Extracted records
=== Section Start ===
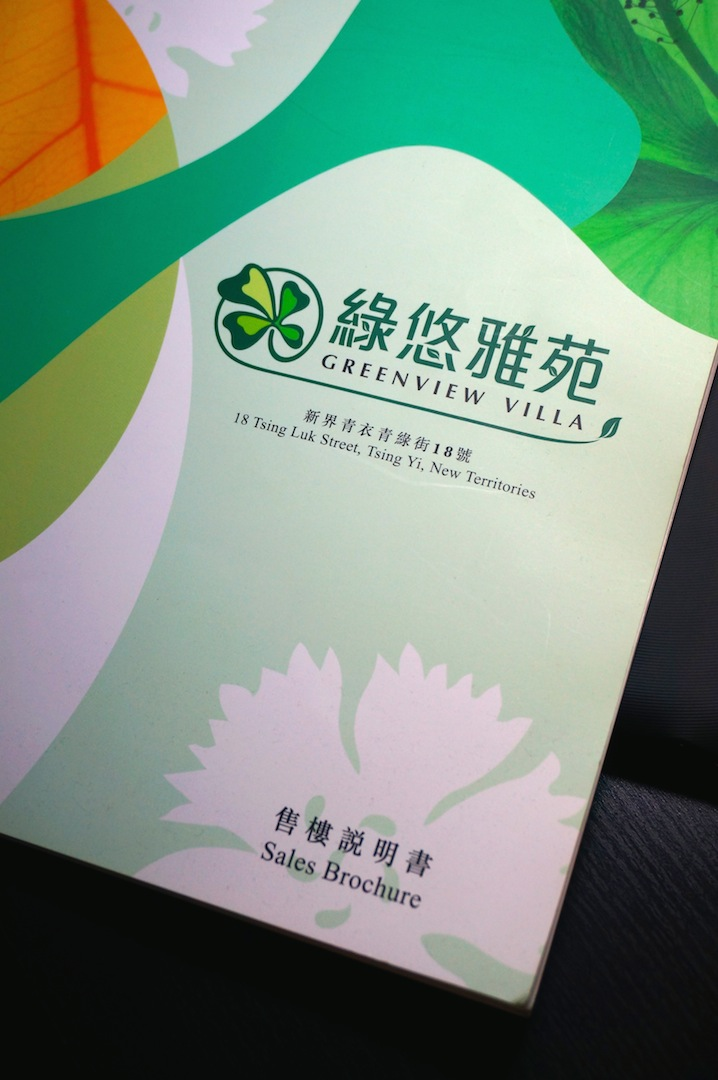 Sales Brochure of Greenview Villa, printed in late 2012.
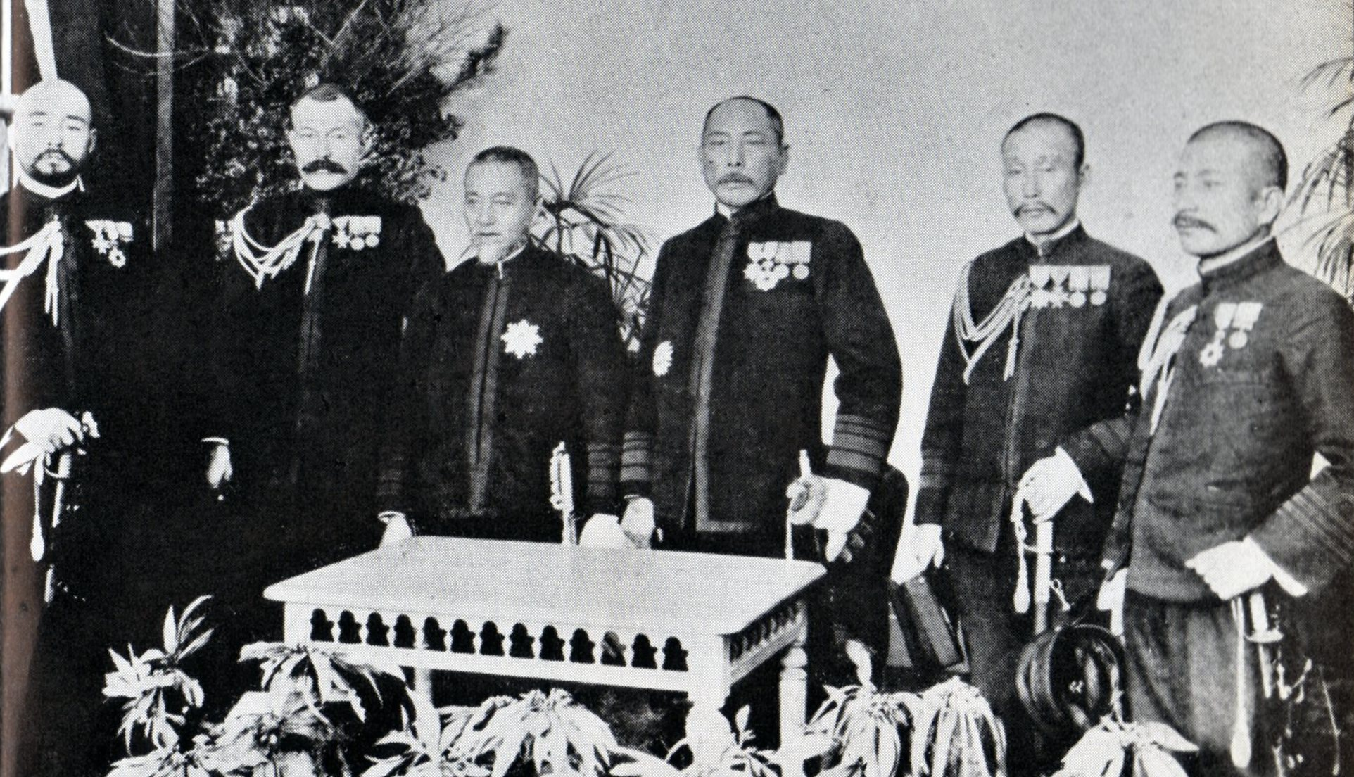 Commander of Combined Fleet at Russo-Japanese War
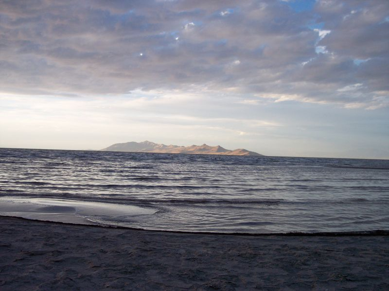 The Great Salt Lake as seen looking north towards Antelope Island from Sunset Beach. Picture by Drax Felton.
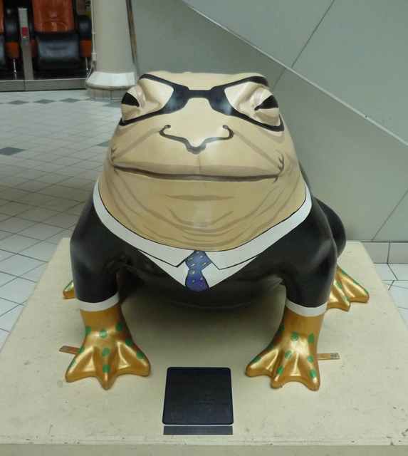 Larkin toad, Hull (10)This is the LarKin (sic) Toad, painted to resemble the poet himself, in the Princes Quay shopping centre, Hull, East Riding of Yorkshire, England..Part of the Larkin with Toads series
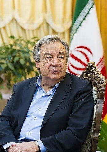 António Guterres in Tehran
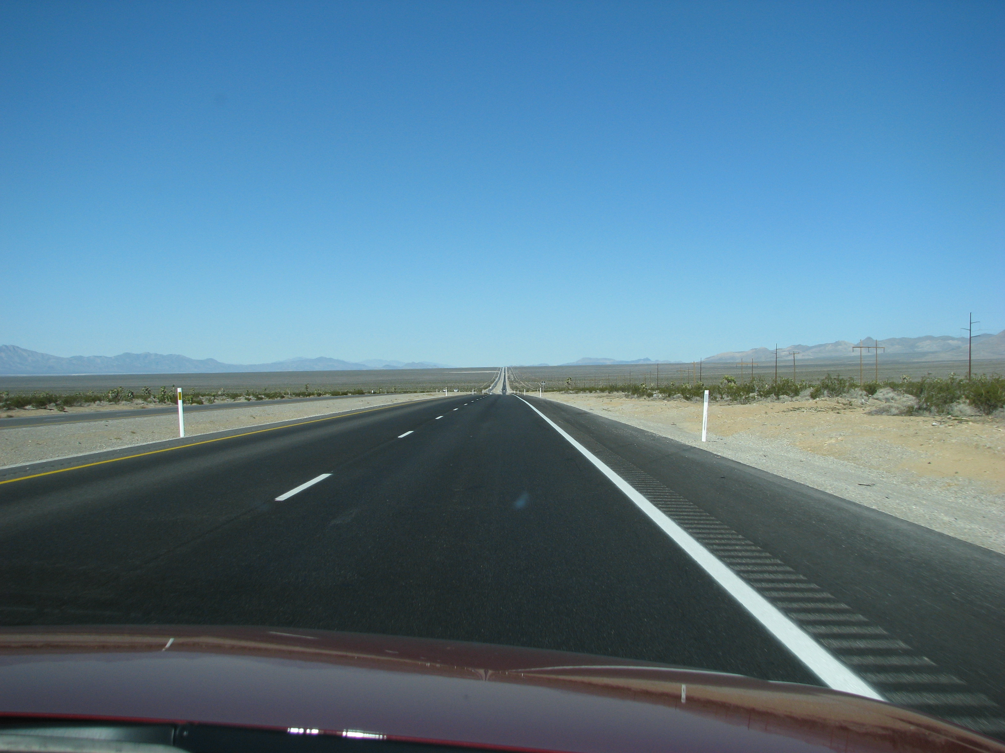 Nv-160 (north/westbound) on the freeway part, somewhere between Mountain Springs and Pahrump.
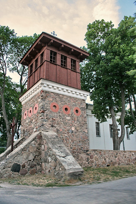 Bell tower in Giedraičiai, Lithuania
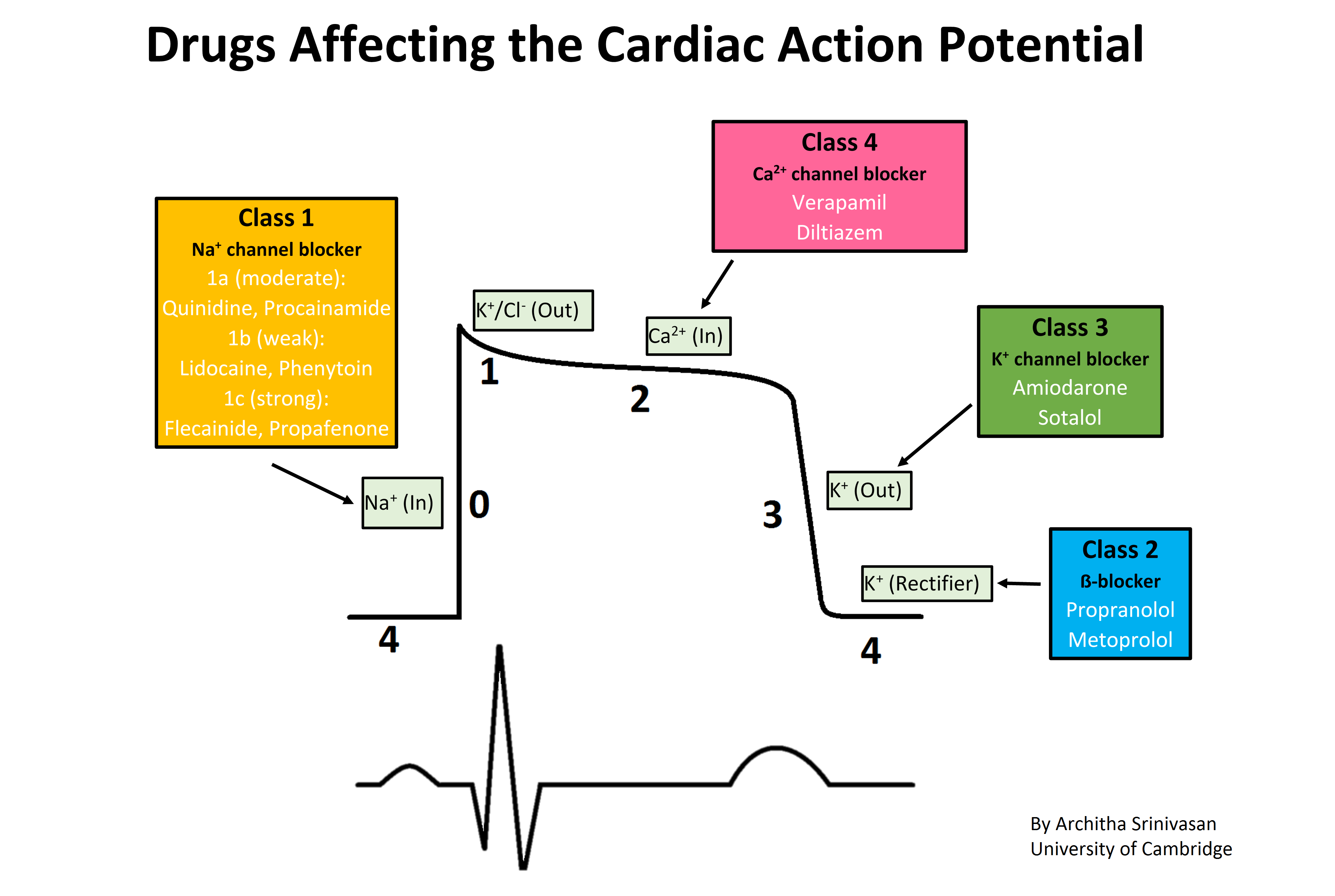 Drugs affecting the cardiac action potential
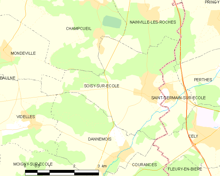 Map of French municipality Soisy-sur-École
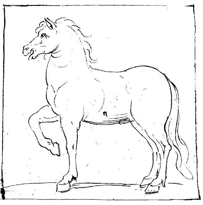 Horse desease drawing from Trattato dell'imbrigliare, arreggiare & ferrare cavalli, an ancient horsemanship Italian book.
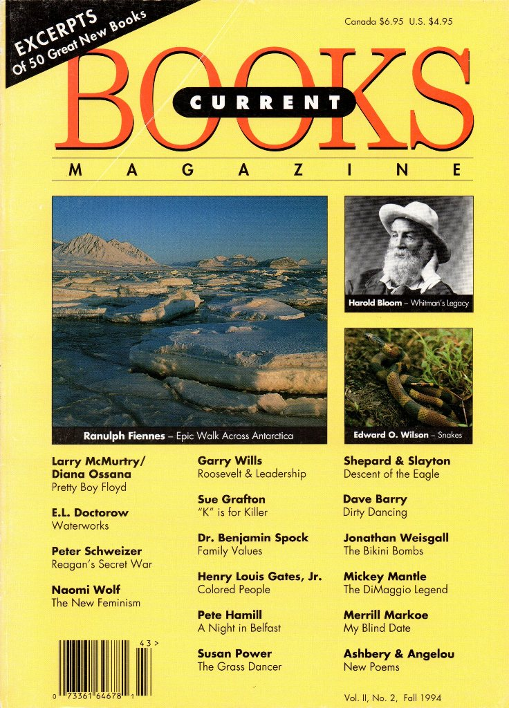 Current Books Magazine was published between 1992 and 1995 and contained excerpts of 20-25 books in each issue.
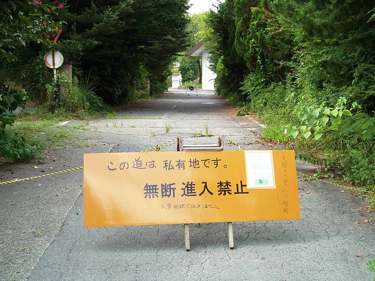 A "Keep out" sign at SouzouGakuen Nakayama Campus posted by a land owner.
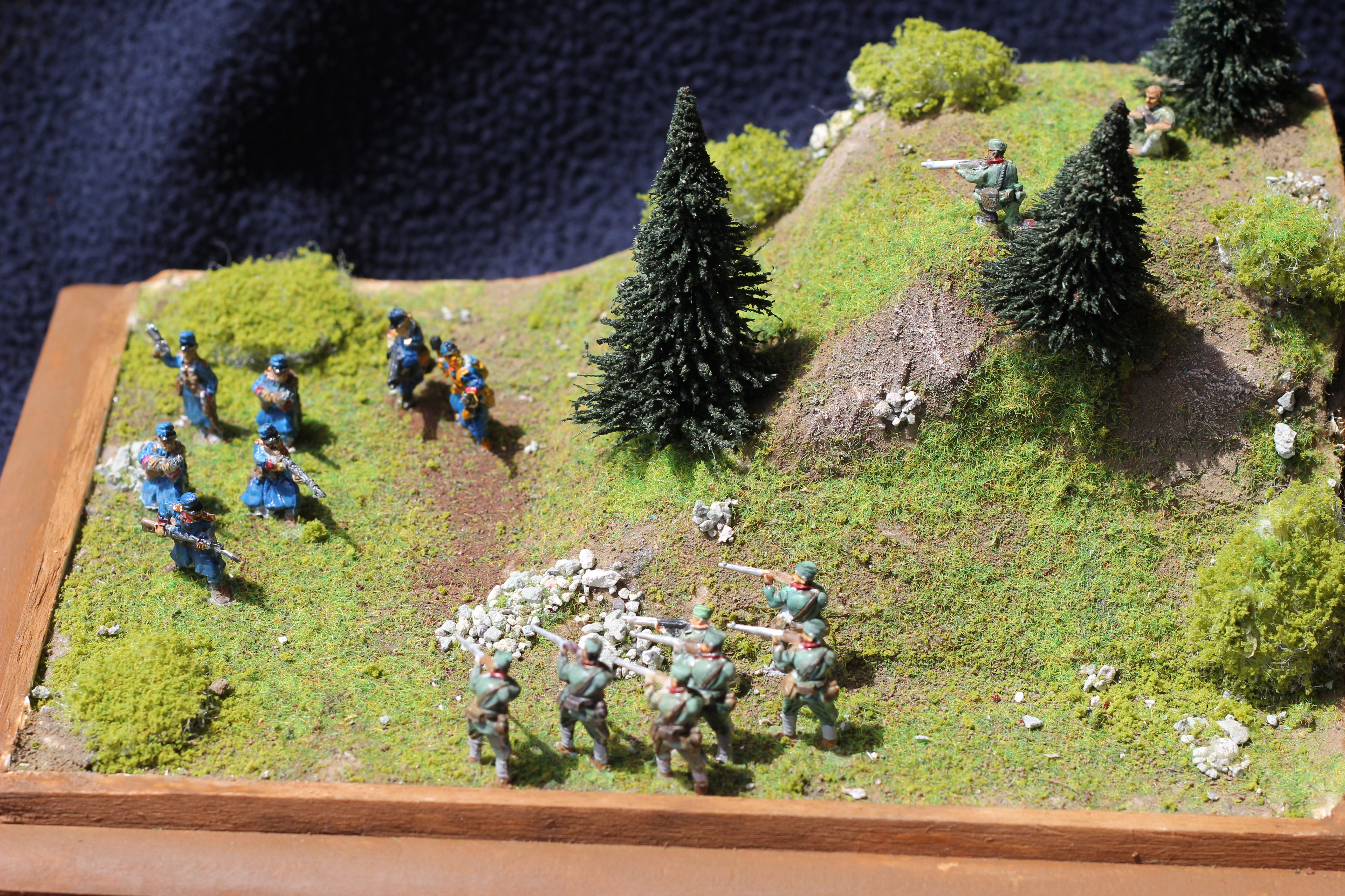 Small 1 72 scale diorama representing clash between Serbian and Austo Hungarian army at battle of Cer
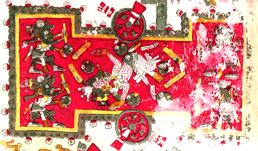 Depiction of a ballcourt and players in the Codex Borgia Fol. 42.
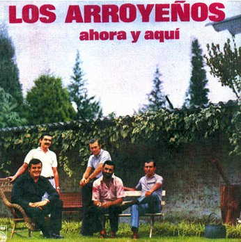 Los Arroyeños. Folk Group. Argentina. 1973. Eugenio Inchausti, Chany Inchausti, Gustavo Santa Coloma, Mario Botto y Luis Maria Bragato.
=== Section End ===
■ **Try it**: The answer must be an exact copy of the entries, with the pictures omitted.

■ **Solution**:
 Sales Brochure of Greenview Villa, printed in late 2012.
 Commander of Combined Fleet at Russo-Japanese War
 The Great Salt Lake as seen looking north towards Antelope Island from Sunset Beach. Picture by Drax Felton.
 Larkin toad, Hull (10)This is the LarKin (sic) Toad, painted to resemble the poet himself, in the Princes Quay shopping centre, Hull, East Riding of Yorkshire, England..Part of the Larkin with Toads series
 António Guterres in Tehran
 Nv-160 (north/westbound) on the freeway part, somewhere between Mountain Springs and Pahrump.
 Bell tower in Giedraičiai, Lithuania
 Drugs affecting the cardiac action potential
 Map of French municipality Soisy-sur-École
 Horse desease drawing from Trattato dell'imbrigliare, arreggiare & ferrare cavalli, an ancient horsemanship Italian book.
 Current Books Magazine was published between 1992 and 1995 and contained excerpts of 20-25 books in each issue.
 A "Keep out" sign at SouzouGakuen Nakayama Campus posted by a land owner.
 Small 1 72 scale diorama representing clash between Serbian and Austo Hungarian army at battle of Cer
 Depiction of a ballcourt and players in the Codex Borgia Fol. 42.
 Los Arroyeños. Folk Group. Argentina. 1973. Eugenio Inchausti, Chany Inchausti, Gustavo Santa Coloma, Mario Botto y Luis Maria Bragato.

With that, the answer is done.